A flowchart that illustrates the overall design of both such trials is shown in Fig. 1.
World Health Organization Ordinal Scale
To best describe the clinical status of the patient, we adopted the World Health Organization’s ordinal scale. Similar scale such as the 7-category ordinal scale was used in a previous trial (1). This scale has proven to be an effective way of describing the severity of illness as well as for assessing clinical outcomes in hospitalized patients. This 7-category ordinal scale has been used recently by Wang (2) to categorize outcomes in patients hospitalized with seasonal influenza infection. The authors found the scale to be a useful in capturing a broad range of clinical states as well as tracking patient’s status change. Although the ordinal scale is useful for patient classification, it is difficult to design a trial based on every stage. Therefore, we used a composite endpoint that combines similar groups together. The details of this World Health Organization ordinal scale are given in Table 1. Stage 0 is not included here since we are not interested in the uninfected population.
Table 1
Different Stages of a Patient.
Stage | Condition |
8 | Death |
7 | Ventilation with Additional Organ Support (ECMO*) |
6 | Intubation and Mechanical Ventilation |
5 | Non-invasive Ventilation or High-flow Oxygen |
4 | Oxygen by Mask or Nasal Prongs |
3 | Hospitalized; No Oxygen Therapy |
2 | Limitation of Activities |
1 | No Limitation of Activities |
*ECMO: extracorporeal membrane oxygenation |
Composite Endpoints
A composite endpoint is a single measure of effect, based on a combination of individual components endpoints. Composite endpoints have high utility in evaluating the efficacy of therapeutic interventions that could individually or concurrently alter several different symptoms or outcomes. For example, in Type II diabetics, a drug may affect HbA1C (hemoglobin A1C), body weight, and systolic blood pressure (3). Often, the frequency of events in individual components of a composite endpoint may be low, so several components are combined to assess the overall efficacy of an intervention. However, each component of a composite endpoint should be clinically meaningful. Ideally, all component should be weighted equally, but this is rarely possible, therefore the relative importance of the components may have to be determined by the frequency of occurrence of the component outcomes. For instance, in cardiovascular trials, death, myocardial infarction (MI), stroke, coronary revascularization and hospitalization for angina are commonly combined, although fatal and non-fatal events are not be treated as the same. In a recent study, patients and clinical trial authors, when asked to assign “spending weights” to five events - death, myocardial infarction, stroke, coronary revascularization and hospitalization for angina, assigned different weights to each of these components (4).
In trials where death is a possible outcome, it is often included as a part of a composite outcome to capture the overall efficacy of the treatment. In this regard, the statistical theory of competing risk provides support to the notion of including mortality as a component of a composite outcome (5). In a review of 14 journals between January 2000 to January 2007, of the 1231 cardiovascular trials, 37% used composite endpoints, and 98% of these trials included mortality as a component (6).

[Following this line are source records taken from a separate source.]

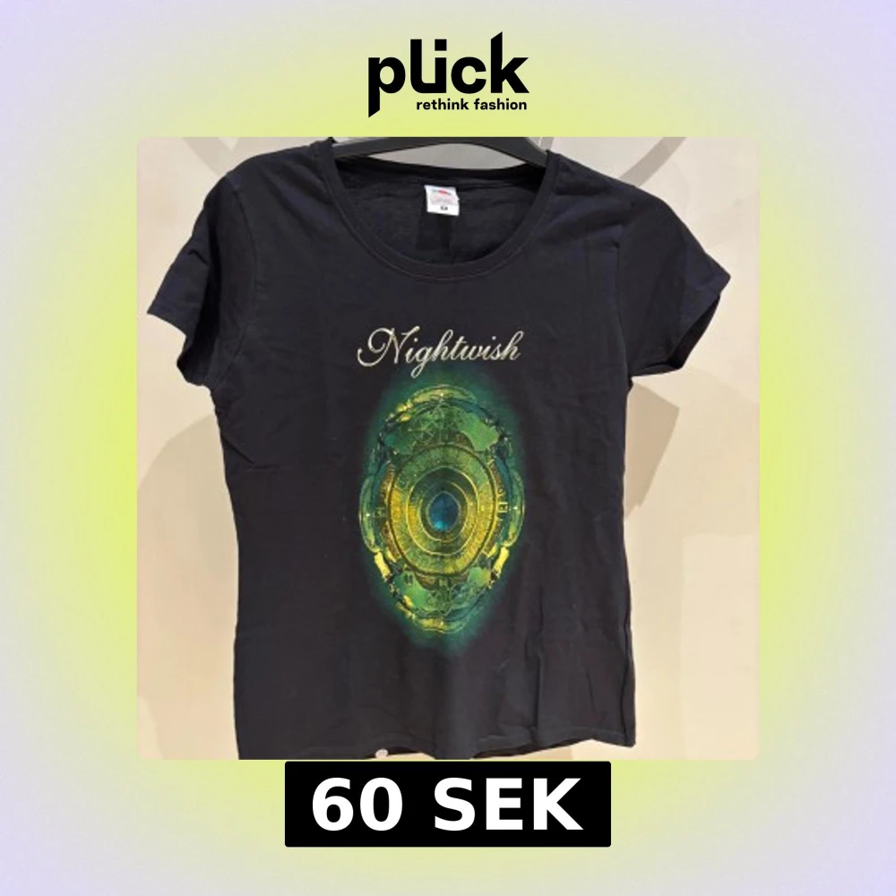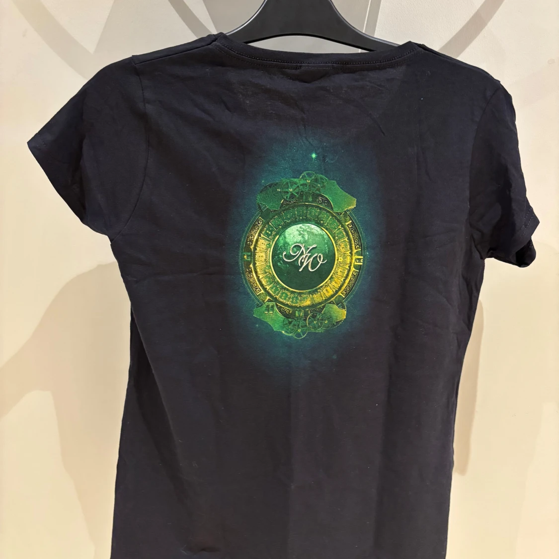 Svart t-shirt med Nightwish-tryck fram och bak i grönt och gult. Modellen är Lady Fit med rund hals och korta ärmar. Materialet är mjuk bomull och passformen är normal. Perfekt för dig som älskar bandmerch och vill sticka ut med snygg grafik.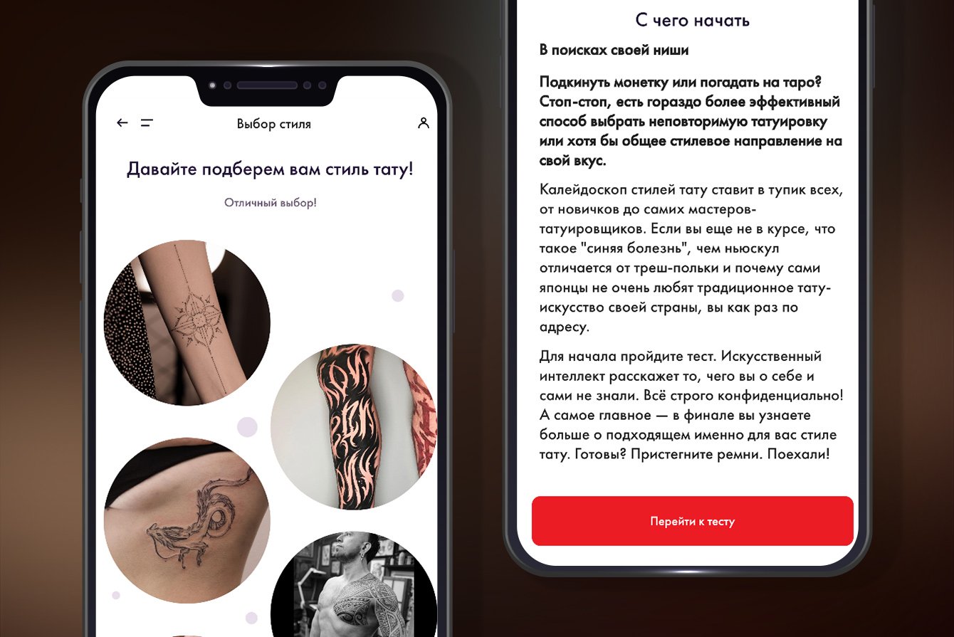 Бо́льшая часть наших усилий была направлена на создание понятного и эффективного алгоритма, который поможет пользователю легко определиться со стилем тату, местом нанесения рисунка и, в итоге, найти подходящего мастера. Одним из самых эффективных инструментов для этого стал интерактивный тест, который позволяет выбрать несколько понравившихся вариантов тату, после чего система определяет, какой стиль подходит именно этому пользователю, и рекомендует тату-мастеров поблизости.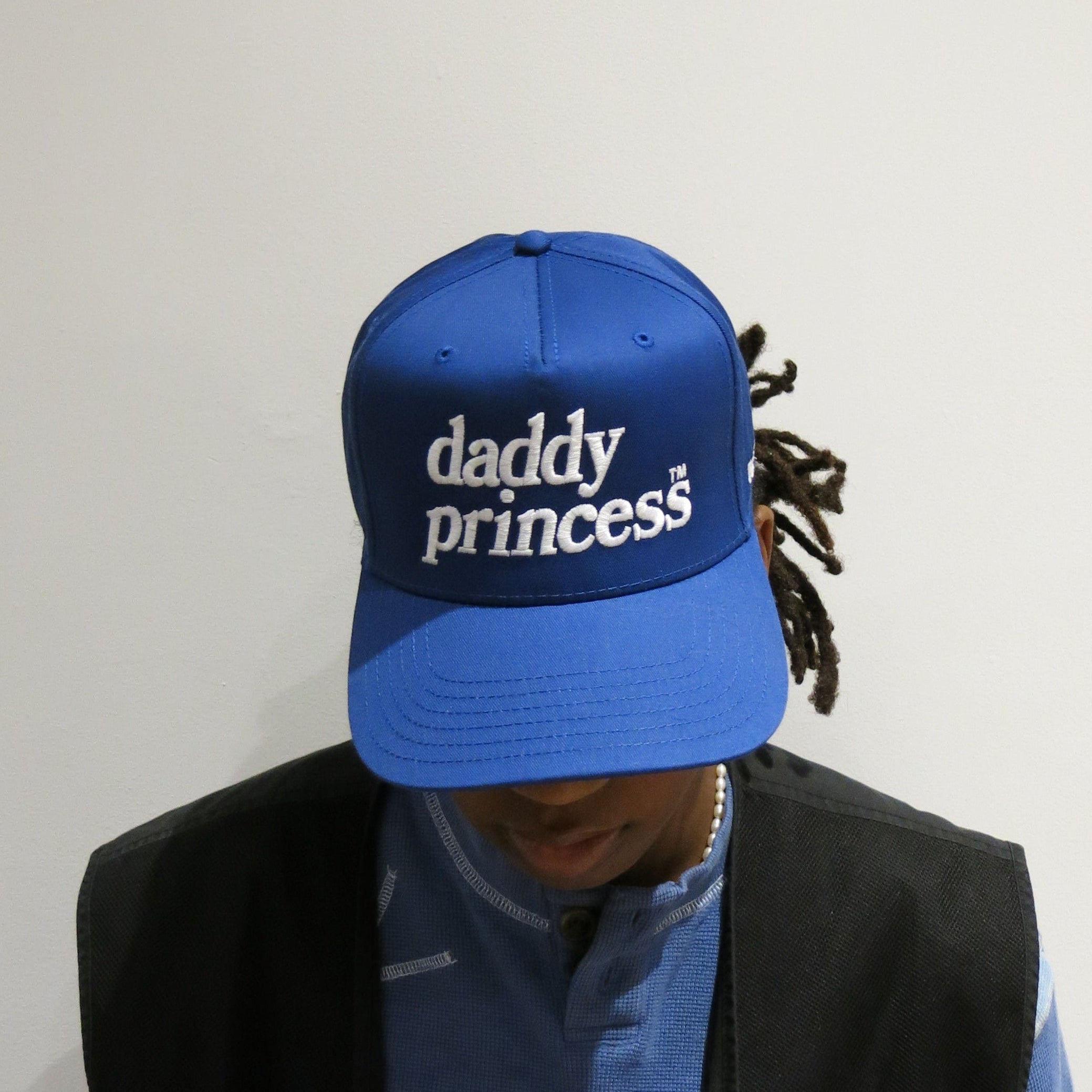 In collaboration with TimaLikesMusic, we created an A-Frame hat with her signature DADDY PRINCESS design in black, blue, and pink.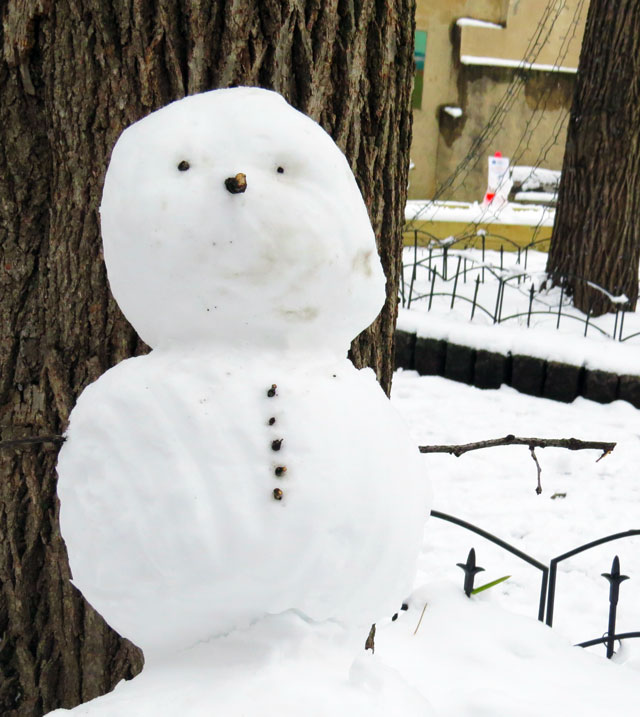 It began late in the afternoon, and by this morning we had enough snow for someone to craft this snowman sans corn cob pipe!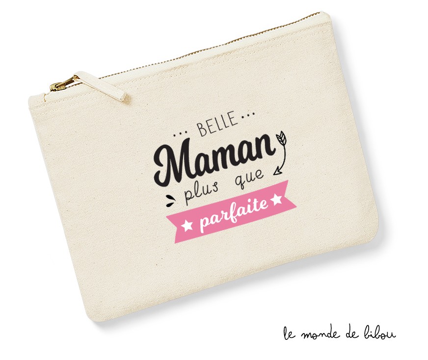 Vous souhaitez offrir un petit cadeau à votre belle-mère ? Nous vous proposons cette jolie Pochette Parfaite Belle maman en coton naturel. Cette trousse est multi-usage (trousse à crayons, à maquillage, à bazar… ). On l’adore ! C’est un joli cadeau à offrir pour dire comme on l’aime et combien elle compte pour vous. Idéal pour célébrer la fête des mères, un anniversaire, comme cadeau de Noël ou sans occasion particulière, juste pour faire plaisir…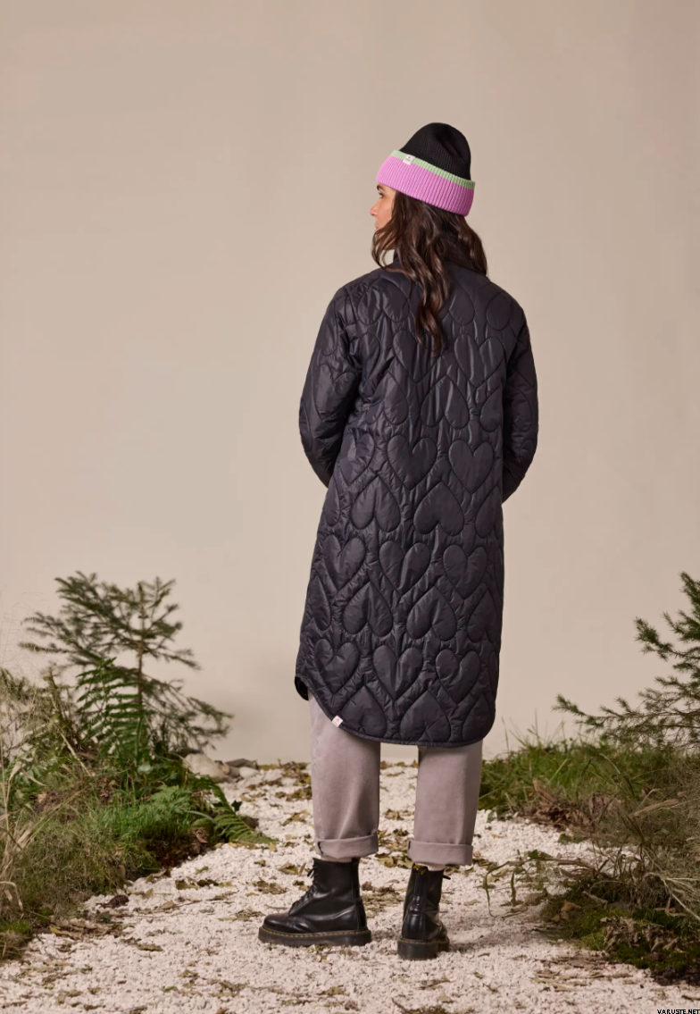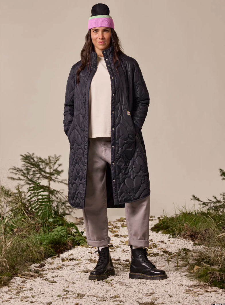 Maloja SmetindenM. Urban Puffer Coatは、肌寒い季節の重ね着にも、穏やかな天候での一枚着にも最適なスタイリッシュな合成繊維ジャケットです。高めのスタンドカラー、フルレングスのスナップボタン留めの前立て、そして広々とした2つのパッチポケットが特徴で、都会的な美学と高度な機能性を融合しています。このコートのユニークな特徴は、中綿を固定するハート型の刺繍です。Bluesign製品認証は、合成繊維と天然繊維の両方において、環境に配慮した生産と安全な加工を保証するものです。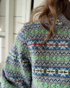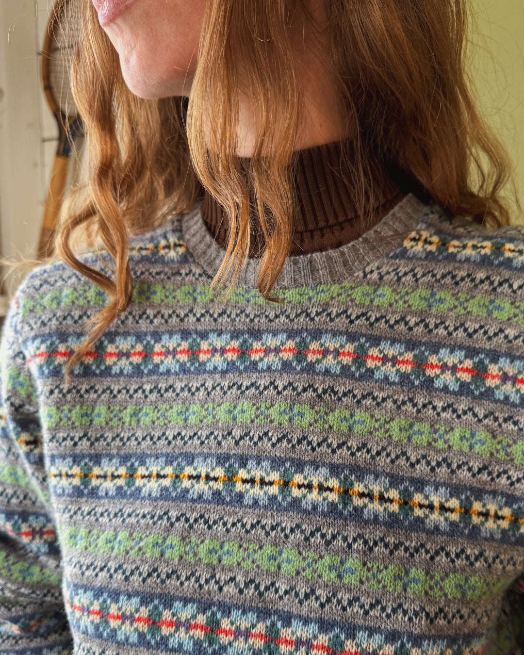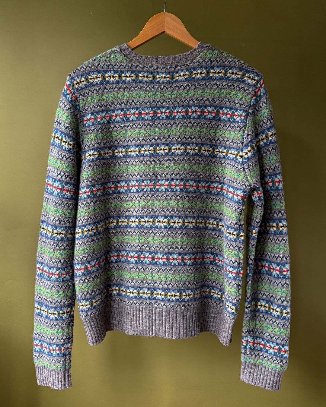 Vintage men's Ralph Lauren ultra soft gray, green & blue fair isle wool pullover sweater with rib knit crew neck, waistband and cuffs. Unlined.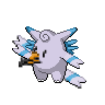 A Clefable uses its wings to skip lightly as if it were flying. Its bouncy step lets it even walk on water. On quiet, moonlit nights, it strolls on lakes.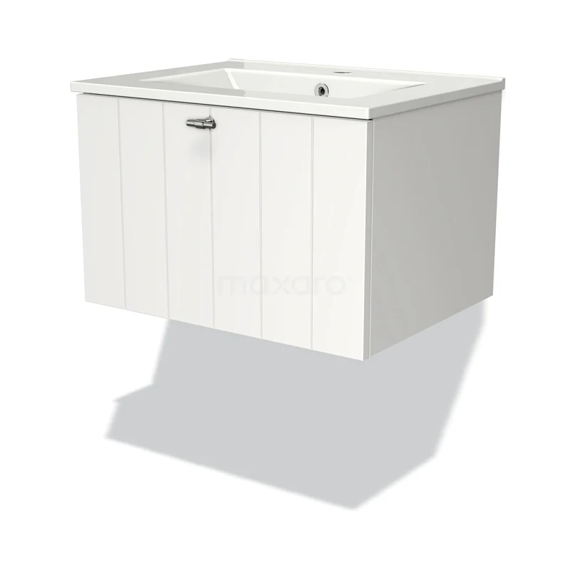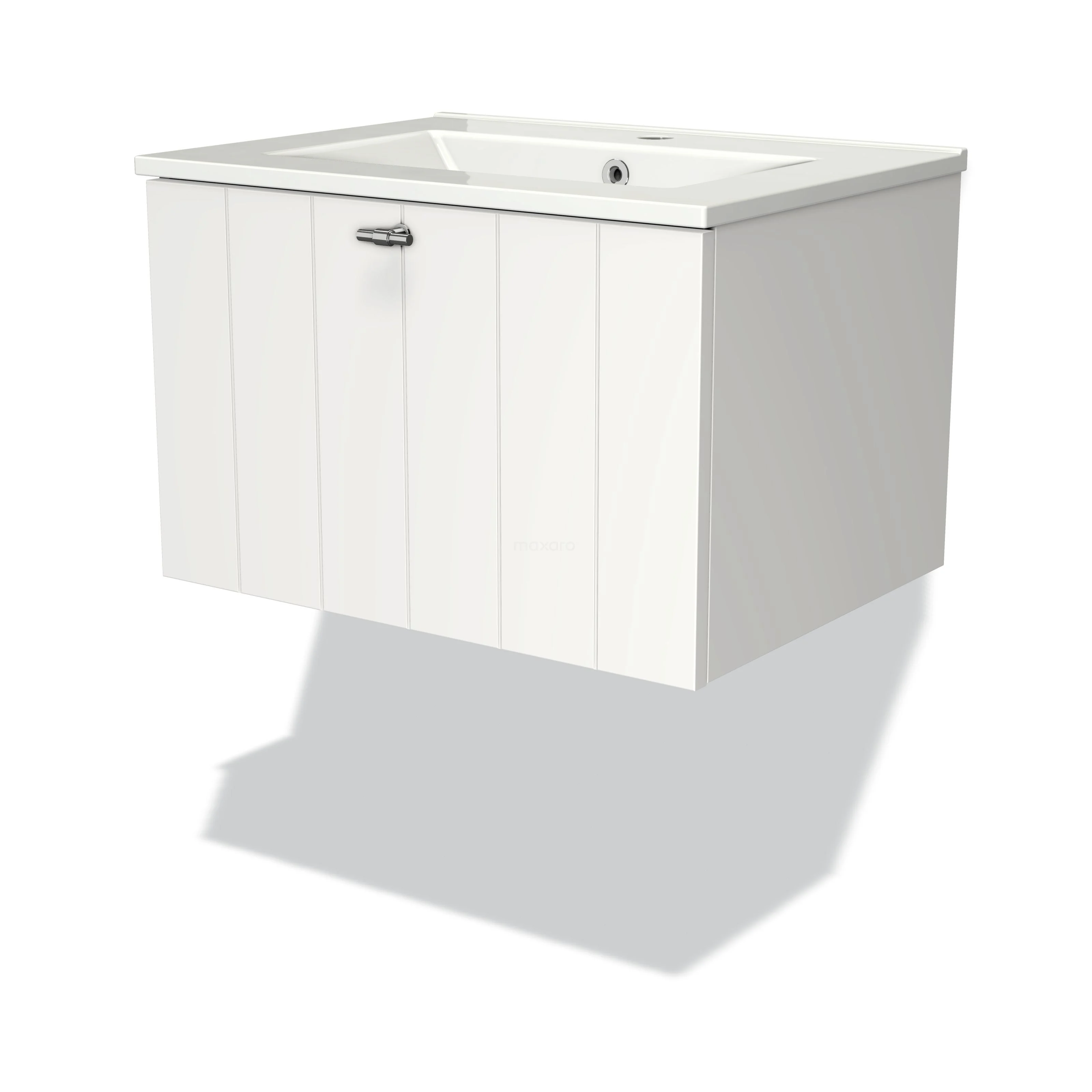Modulo Bathroom furniture with sink | 60 cm Matte white Slat front Ceramic 1 drawer

For COVID-19 patients, it is nearly impossible to come up with a composite endpoint that could include all stages. Therefore, further classification is needed. Based on the World Health Organization ordinal scale, patients are separated into three group: High-Risk Group (Stages 6 and 7), Intermediate-Risk Group (Stages 3, 4, and 5), Low-Risk Group (Stages 1 and 2). Patients in intermediate-risk group are treated in a similar way while the high-risk group patients need some innovative and aggressive treatment. Two independent clinical trials with two different designs are proposed for the intermediate-risk group and the high-risk group. Note that if a patient in the intermediate-risk group could not recover and progresses to the high-risk group, then that patient could be eligible for the high-risk group trial.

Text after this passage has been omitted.